Magento database maintenance

If you are running a Magento-based website, make sure you add the database maintenance script to the cron.  For example, append this to the /etc/crontab:

# Magento log maintenance, as per
# https://docs.nexcess.net/article/how-to-perform-magento-database-maintenance.html
0 23 * * 0 root (cd /var/www/html/mysite.com && php -f shell/log.php clean)

Thanks to this page, obviously.  You’ll be surprised how much leaner your database will be, especially if you get any kind of traffic to the site.  Your database backups will also appreciate the trim.

 

SQL Server in a Fedora Docker Container

MS SQL Server and Docker

It’s a well known fact that I am not the greatest fan of Microsoft and their technologies.  I’ve been bitten many a time through the years.  And not even them becoming a Platinum Partner in the Linux Foundation can change my attitude towards them.  It’s just been too much pain, and scars, and tears, and sweat.

But the way life is, once in a while, I just have to work with or around them.  Recently, for example, at work, we’ve done a project that just had to use MS SQL Server and there was no way to get around it.  Gladly, I managed to find just the right image on the Amazon AWS Marketplace, and spin a new EC2 instance for testing.  The local development was difficult, but at least we had a place to test stuff before sending it off to the customer.

If such a need arises in the future, I think I’ll give the MS SQL for Linux a try.  And that’s when this article from Fedora Magazine might come in handy.  MS SQL + Docker + Fedora.  Hmm.

Fixing “InnoDB: Error: log file ./ib_logfile0 is of different size”

For the last few days I’ve been moving MySQL databases around at work.  Being a bit in a rush and overconfident (I have backups!),  I was simply detaching the /var/lib/mysql volume on one host (running Amazon AMI and MySQL) and attaching it to another host (running CentOS 7 and MariaDB).

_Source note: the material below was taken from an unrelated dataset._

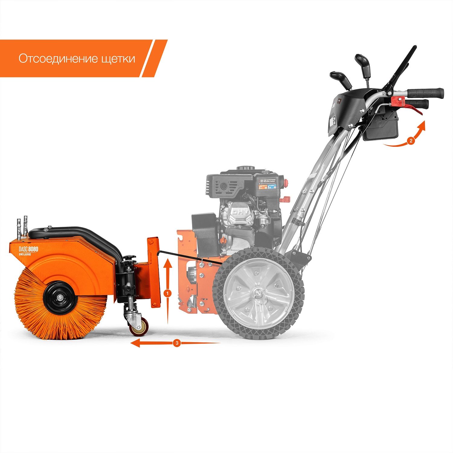 • Классический снегоуборщик. Роторный снегоуборщик DASC 560T приобретается отдельно. - Прочная Полимерная щетка 80 см. Щетка вращается со скоростью 288 об/мин и убирает снег до основания. Встроенная система регулировка высоты позволяет выбрать интенсивность очистки. Возможность быстрой замены изнашиваемых частей.

It’s not surprising that I got this error: “InnoDB: Error: log file ./ib_logfile0 is of different size“.  Gladly, this ServerFault thread provided enough hints for me to solve the problem.  In a nutshell:

  1. Temporarily comment out the InnoDB log file size setting (e.g.: innodb_log_file_size = 64M) in /etc/my.cnf.
  2. Set innodb_fast_shutdown to 0 (read more).
  3. Restart the MySQL service once or twice.
  4. Uncomment the log file size setting.
  5. Set InnoDB fast shutdown back to default or remove it from your my.cnf altogether.
  6. Celebrate!

Knowing how little I learn from my own mistakes, I’m sure I’ll find this post useful in the future.

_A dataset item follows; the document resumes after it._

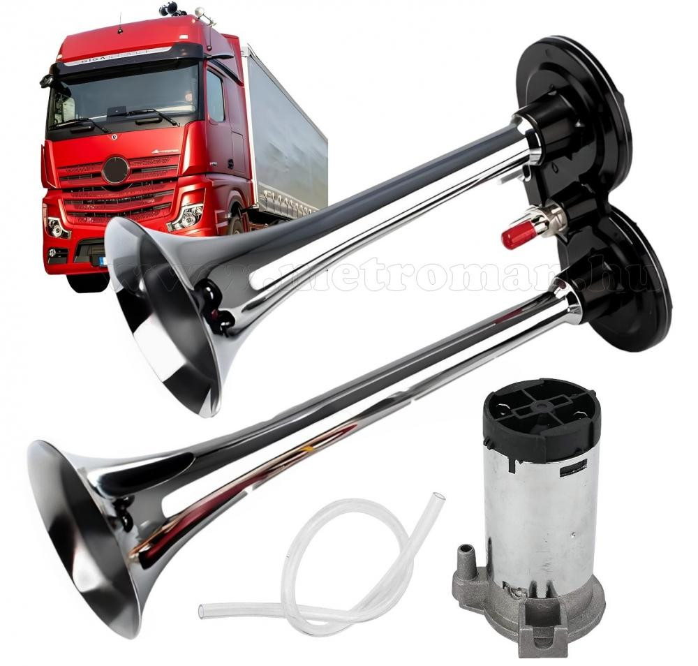 Extra nagy hangerejű dupla hajókürt elektromos kompresszorral

MySQL, PHP and “Integrity constraint violation: 1062 Duplicate entry”

Anna Filina blogs about an interesting problem she encountered with when working on a PHP and MySQL project:

MySQL was complaining about “Integrity constraint violation: 1062 Duplicate entry”. I had all the necessary safeguards in my code to prevent duplicates in tha column.

I gave up on logic and simply dumped the contents of the problematic column for every record. I found that there was a record with and without an accent on one of the characters. PHP saw each as a unique value, but MySQL did not make a distinction, which is why it complained about a duplicate value. It’s a good thing too, because based on my goal, these should have been treated as duplicates.

She also mentions two possible solutions to the problem:

My solution was to substitute accented characters before filtering duplicates in the code. This way, similar records were rejected before they were sent to the database.

and

As pointed out in the comments, a more robust and versatile solution would be to check the collation on the column.

I’m sure this will come in handy one day.